Perception is defined as the process of organization, identification, and interpretation of sensory information to perceive the environment. Visual perception is known to involve the sensorimotor system of the brain and VR-based setups can modulate neural oscillations and reveal the underlying process. Neural oscillation, which can be monitored with neurophysiological recordings, can assist to understand the correlates of perception.
Visual space is known to accompany a series of perceptual thresholds with functional sub-divisions and thus linked to behavior. Neuroimaging studies expose that visual perception of manipulable objects is related to motor capacities. Wamain et al. [14] studied the process of motor coding of visual objects in peripersonal space. The centro-parietal region was studied while perceptually judging the intrinsic or extrinsic properties of visual objects. The desynchronization of Mu rhythm was observed 300 ms after the object was presented. The results indicated that motor coding was dependent on the goal of the perceptual task.
The neural correlates of auditory distance perception are of interest to researchers. The spatial attributes are known to be correlated with the recognition of acoustic patterns. Mathiak et al. [41] tried to understand the neural mechanisms of auditory distance perception using MEG signals as variations in amplitude over both supratemporal planes. Hemispheric lateralization was indicated by enhanced pre-attentive responses over the right temporal lobe. It shows that the pre-attentive neuronal basis of amplitude discrimination is selective to spatial encoding. This helped to understand the temporal multisensory matrix that promotes the integration of spatial information across visual and auditory modalities.
Cheetham et al. [42] partially replicated Milgram’s obedience paradigm in VR in which, a virtual female was pained by the participant while observing her suffering. The event-related fMRI data was acquired and studied during the observation of pain, which showed a distinct pattern of brain response with pain-related behaviors together with an aversive state of personal distress (Figure 5).

3.4. Sense of Presence

Sense of presence in virtual environments is defined by an experience that provides a perception of being in a different environment than the actual. Studying the neural correlates of the sense of presence is of particular importance to researchers. Neural correlates of spatial presence can be studied with a combination of VR and EEG setup as performed by Baumgartner et al. [43], with virtual roller coaster scenarios. Besides, they used psychophysiological and psychometric measures to understand the responses. The results showed that in adolescents, activation increases in prefrontal areas, which are involved in the control of executive functions. However, in children, a decrease in activity was observed, which implies that frontal cortex functions are not fully developed in them.
Slobounov et al. [44] compared EEG correlates of a fully immersive 3D scene of spatial navigation with a 2D version and found that 3D needs a higher subjective sense of presence with the allocation of more brain and sensory resources.
Kober and Neuper [45] assessed the presence of participants in VR using auditory event-related potentials of the EEG in a virtual city. They observed that decreasing late negative slow wave amplitudes corresponded to increased presence experience. It was associated with central stimulus processing and allocation of attentional resources, and frontal negative slow waves thus were able to accurately predict the presence.
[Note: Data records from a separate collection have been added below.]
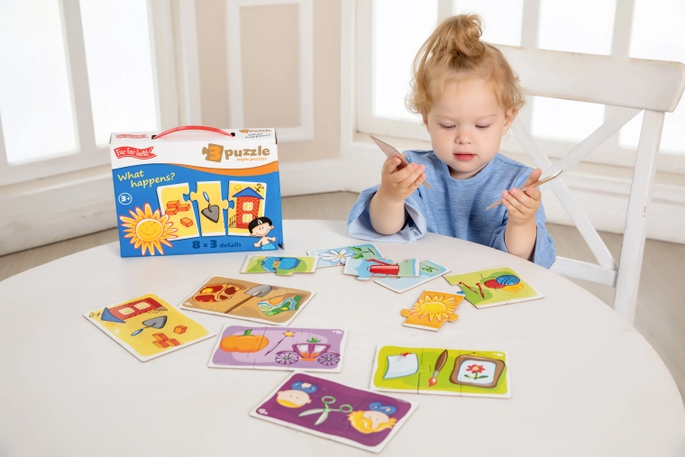 Otkrijte pametan set Far Far Land koji djecu na razigran način uči povezivanju i odnosima između predmeta. Svaka je slika podijeljena na tri dijela, a zadatak je pronaći ispravnu trojku koja pripada zajedno. Slaganje potiče koncentraciju, strpljenje i donosi radost svakog uspješno složenog motiva.
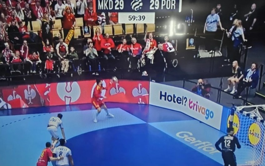 Португалија го имаше последниот напад при резултат 29:29. Нам ни треба победа, а резултатот е нерешен и топката е во рацтете на противникот. Португалците шутираа од левата страна, Томовски одбрани, но топката повторно дојде во рацете на Португалците. Немавме среќа. Има уште половина минута, а босанските судии толерираат долги напад на Португалија.
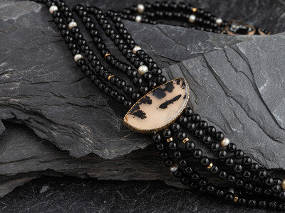 necklace length 33-1/2 inches, drop length 16-3/4 inches, weight 172.2 dwt.
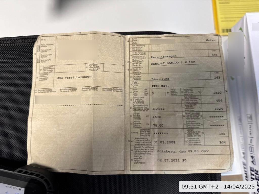 | Fahrzeugausweis | Vorhanden |
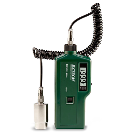 يُعد جهاز قياس الاهتزازات VB450 جهازًا صغيرًا ومريحًا يقيس مستويات الاهتزاز في الآلات الصناعية. يمكن أن تتسبب عوامل مثل عدم المحاذاة، وعدم التوازن الجيد، والعيوب الهيكلية، وعوامل أخرى في زيادة الاهتزازات غير المرغوبة. يتميز جهاز VB450 بنطاق تردد واسع من 10 هرتز إلى 1500 هرتز، ويقدم قياسات الإزاحة، والسرعة، والتعجيل. يأتي الجهاز كاملاً مع مستشعر بعيد، وحامل مغناطيسي، وبطارية 9 فولت، وحزام معصم، وحقيبة ناعمة.
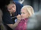 Vagtskiftet ved Marselisborg Slot skærtorsdag kl. 12 tiltrak mange fremmødte, mens politiets indsatsleder undervejs tog sig tid til at besvare spørgsmål fra en nysgerrig dreng.
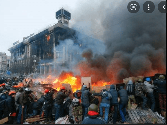 Μια αυτοαποκαλούμενη κυβέρνηση επιλεγμένη κύρια από τις ΗΠΑ (το γνωστό «fuck Europe” της Βικτόριας Νούλαντ) που στηριζόταν στις «ξιφολόγχες» των ταγμάτων εφόδου (εθελοντικών ταγμάτων) με τους αγκυλωτούς σταυρούς, τα τατουάζ τους, αλλά και στην παθητική συμμόρφωση των δυνάμεων ασφαλείας, που δεν ήθελαν να αναλάβουν την ευθύνη και απλώς περίμεναν να δουν τι θα συμβεί, ποιος θα επικρατήσει.
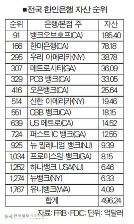 PCB 은행(행장 헨리 김)은 자산규모 33억500만달러로 329위, 오픈뱅크(행장 오상교)는 자산규모 25억6,400만달러로 416위, CBB 은행(행장 리처드 고)은 자산규모 18억1,500만달러로 551위, US 메트로 은행(행장 김동일)은 자산규모 14억5,200만달러로 639위에 각각 랭크됐다.
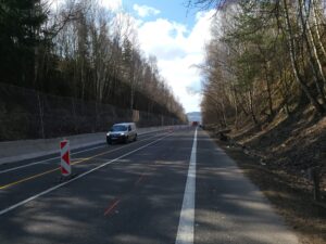 Minulý týden jsme zahájili první práce na sanaci skalního zářezu na silnici I/35 u Linhartic. Máme osazena betonová svodidla a ochranné sítě ve směru na Olomouc. Po osazení v obou směrech zůstanou pojízdné dva pruhy o minimální šířce 3 m. Poté budeme postupně pracovat na kácení, čištění skalního terénu a následně na zajištění svahu. Práce jsou plánované do konce července.
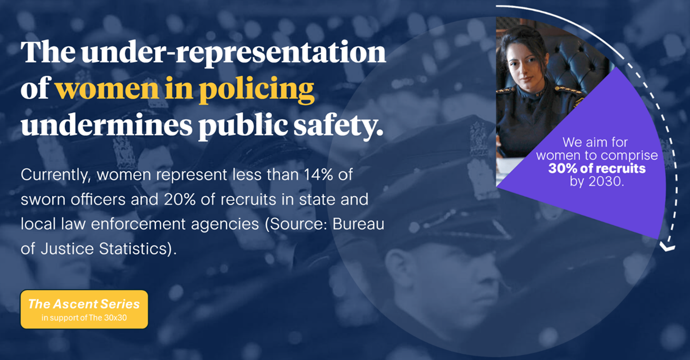According to the Bureau of Justice Statistics, women represent less than 14% of sworn officers and 20% of recruits in state and local law enforcement agencies. We support The 30×30 Pledge and the belief that this under-representation of women in policing undermines public safety. It is for this reason that The Leadership Ascent Series exists.
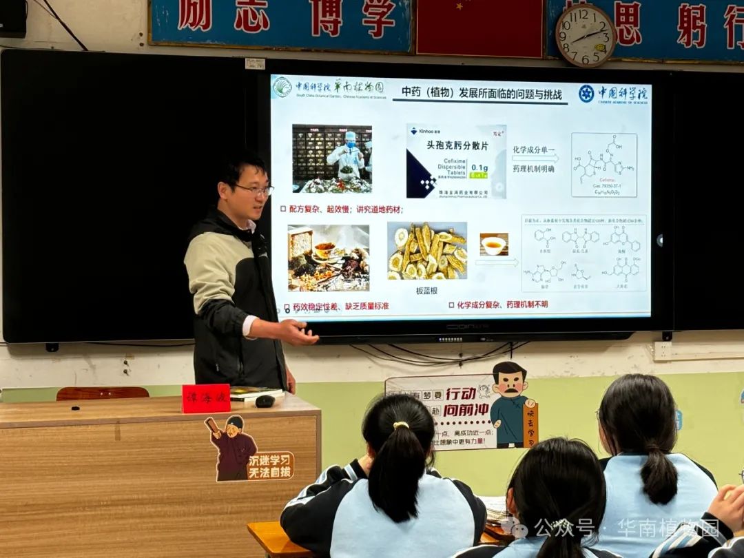 华南植物园农业与生物技术研究中心谭海波副研究员向高二年级开展主题为“天然产物与人类健康”的讲座。内容涵盖天然产物在人类健康中的重要性,包括青蒿素等天然产物的价值,以及非传染性疾病和传染性疾病对人类健康的威胁。分析了中国医药工业和中草药的发展现状、挑战和未来前景。详细探讨了天然产物在生活中的应用以及岭南特色药用植物的活性成分研究和抗MRSA先导药物的发现。
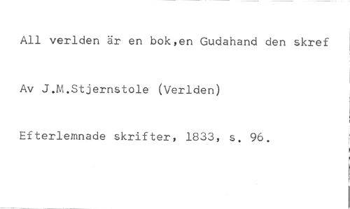 All verlden är en bok,en Gudahand den skref //// Av J.M.Stjernstole (Verlden) //// Efterlemnade skrifter, 1833, s. 96.
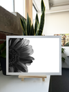 The Monochrome palette is masterfully reduced to its essential elements: rich, velvety light silver hues set against pure white, creating a study in dramatic contrast. Our print enhancement team have preserved every subtle detail of the flower's texture, from the smooth, matte surface of each petal to the complex architecture of its centre. The gradual deepening of the Monochrome tones from petal tips to centre creates a sense of depth that draws the viewer into the composition.

3.5. Spatial Navigation and Memory

Neural correlates of spatial navigation and memory-based experiments can be performed by combining VR with neuroimaging studies. Kober et al. [13] analyzed theta oscillations with EEG recording during spatial navigation in virtual environments, with a virtual maze. They observed absolute band power and event-related desynchronization/synchronization to see sex differences and reported that in the processing of navigational aid as landmarks, females showed stronger theta oscillations than men, which can indicate that females may have stronger sensorimotor integration. Similarly, Clemente et al. [46] studied the navigation control with VR-based stimulations, for which they observed the EEG activity of the right Insula for the theta band oscillation. They performed a free navigation experiment in a virtual environment, which was compared with video and photographs. They observed a significant difference between the navigation and video conditions in the right Insula activity for theta band oscillation, which is associated with stimulus attention and self-awareness processes.
Slobounov et al. [47] worked with 15 athletes having a mild traumatic brain injury, with a paradigm of the navigable virtual corridor. The BOLD response showed that concussed subjects have larger cluster sizes during encoding at the parietal cortex, right hippocampus, and the right dorsolateral prefrontal cortex. Hung et al. [48] observed a compromised speed control during basic driving conditions in cerebellum-damaged drivers. They used fMRI with VR-based driving simulator and studied motor-speed coordination in basic driving maneuvers. They observed a significant negative correlation between the mean cerebellar activation and the average time to complete right turns, which shows compromised motor coordination.
Ehinger et al. [49] observed a modulated alpha activity in spatial navigation due to kinesthetic and vestibular information, which was provided through a VR system in which the subject was traversing on a triangular path. Through EEG data, they observed an alpha suppression during turning movement, in parietal, occipital, and temporal clusters. This shows an increased requirement of visuo-attentional processing, thus exposing the neural correlates of spatial navigation. Araujo et al. [50] used MEG with VR-based navigation in town and studied the alpha and theta band activity. During navigation tasks, theta power was observed as strongest but, during control, no consistent increase in theta power was observed (as shown in Figure 6), thus showing a link between navigation and theta activity.
The approach has applicability in performing memory-based experiments also. Jaiswal et al. [51] used a VR setup and observed modulation in EEG signals to compare encoding with the retrieval of visual-spatial information in working memory. The VR system provided a virtual corridor, with a sense of presence to the subjects, in which, they were able to freely navigate using their right thumb in multiple directions. They observed that theta activity increased during encoding when compared with the retrieval process (as shown in Figure 7). Further, the alpha activity was found to be significantly higher for retrieval than in the encoding process. This implied that more cerebral effort is required in the encoding of working memory than in retrieval.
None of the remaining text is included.